■ **Items from a dataset**:

-- Opening Marker --

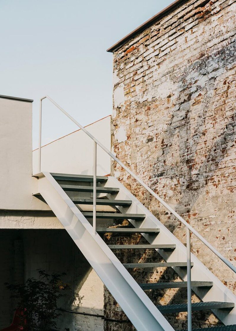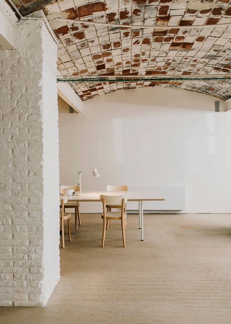 仓库有着绝对的层高优势,所以显得空间特别大,设计师将墙面进行了许多留白的处理,并没有过度的利用这些空间,表现出来最直观的感觉,是一种简单,却丝毫不简单。他们选择保留并利用建筑本身的原始材料,建筑材料表面粗糙的纹理及墙壁上的油漆碎片与当代家具和灯具款式进行搭配,裸露砖拱顶和原始的木材椽结合,办公室里有新的元素融入,也有旧的痕迹留存。
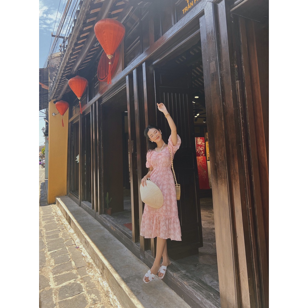 Váy đầm tơ hoa đính nổi màu hồng pastel Louise trễ vai buộc dây cổ đi du lịch đi chơi YAME
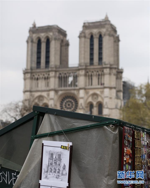 這是4月16日在法國巴黎拍攝的火災后的巴黎圣母院以及書攤上售賣的圣母院圖片。法國總統馬克龍16日晚針對巴黎圣母院嚴重火災發表簡短電視講話,表示希望在五年內重建巴黎圣母院。新華社記者 高靜 攝
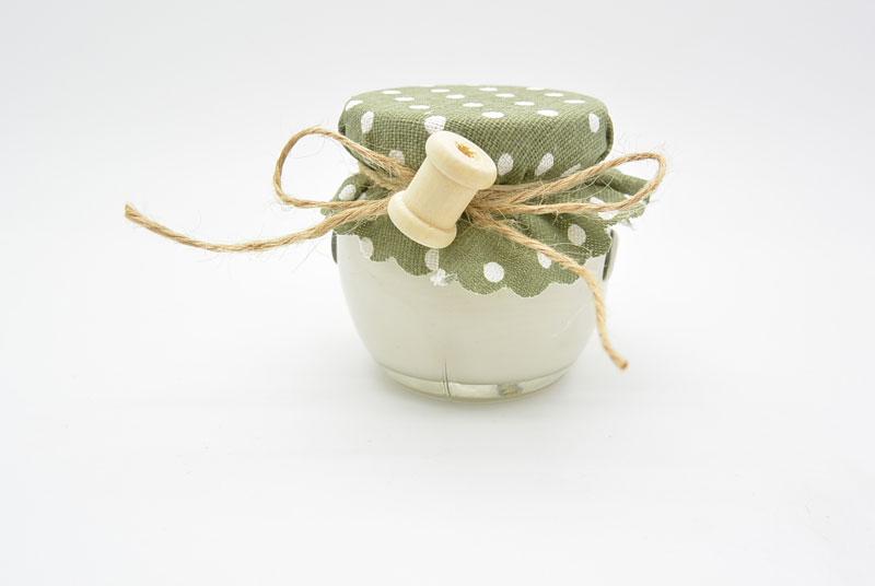 Βαζάκι Βανίλια με θέμα ραπτική χωρητικότητας 106 ml. Η τιμή αφορά το βαζάκι στολισμένο. Τα χρώματα μπορούν να γίνουν ανάλογα με τα χρώματα της βάπτισής σας.
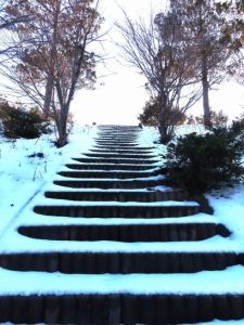 ・写真2は夕刻散歩にて。長靴で総合公園の遊歩道を歩いて途中の石段を下からパチリ。3は公園遊歩道の雪の状況。長靴の跡が残っているがまだ溶けてはいない。4は外周の農道にて。山影の場所はこの程度の雪。〔仕事&歩数〕句集鑑賞。5,218歩。
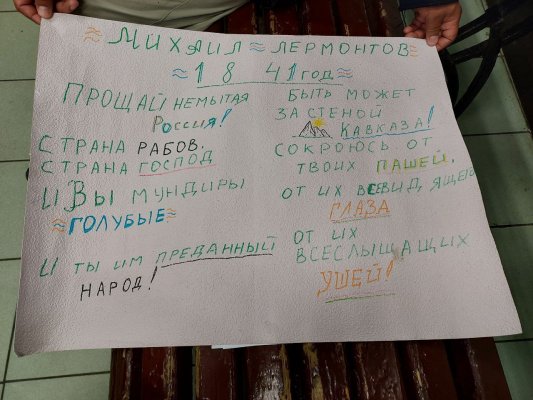 2В центре Москвы у гостиницы Four Seasons задержали Винера Лукманова, который вышел на одиночный пикет с плакатом, где было процитировано стихотворение Михаила Лермонтова «Прощай, немытая Россия». Об этом Лукманов сам сообщил ОВД-Инфо.
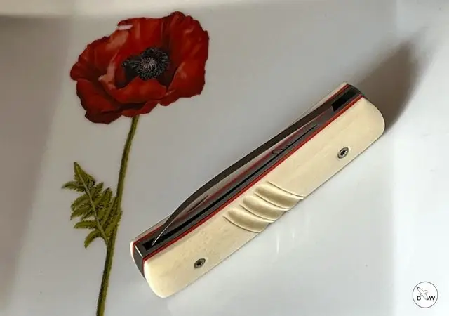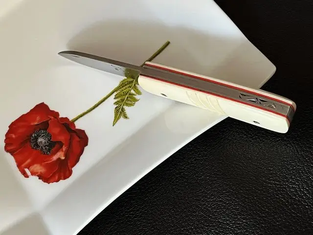 - Lame polie, acier inoxydable. Longueur 73mm, épaisseur 3mm et largeur 23mm.
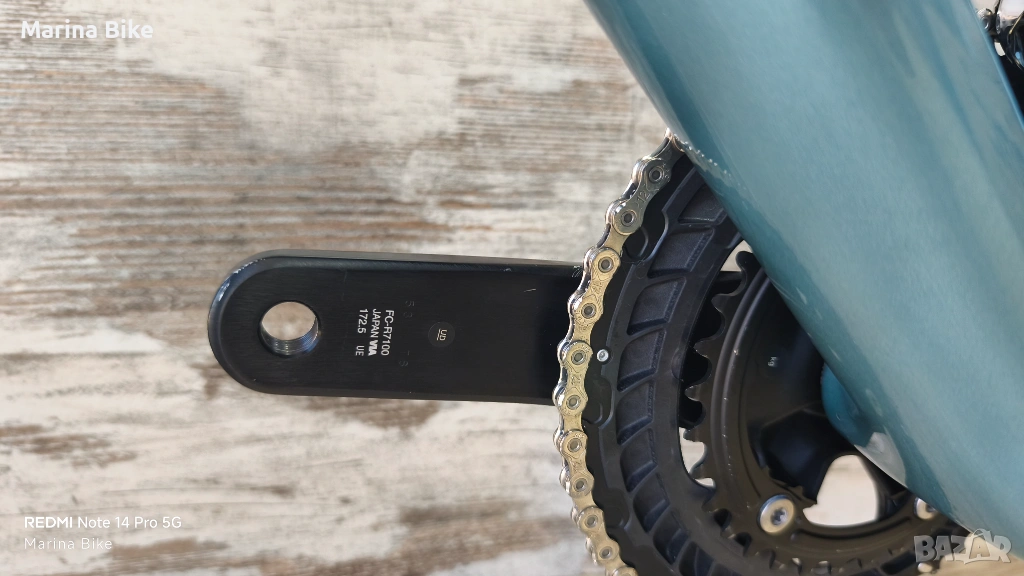4. Курбел - Shimano 105 R7100, 172.5 мм дължина, 50/34 зъба, дребно одраскване по паяка от паднала верига ;

-- Closing Marker --

Beginning with the line that contains "2В центре Москвы" and ending with the last line of the data, transcribe each line exactly; pictures stay out.

■ **SOLVED PROBLEM**:
 2В центре Москвы у гостиницы Four Seasons задержали Винера Лукманова, который вышел на одиночный пикет с плакатом, где было процитировано стихотворение Михаила Лермонтова «Прощай, немытая Россия». Об этом Лукманов сам сообщил ОВД-Инфо.
 - Lame polie, acier inoxydable. Longueur 73mm, épaisseur 3mm et largeur 23mm.
4. Курбел - Shimano 105 R7100, 172.5 мм дължина, 50/34 зъба, дребно одраскване по паяка от паднала верига ;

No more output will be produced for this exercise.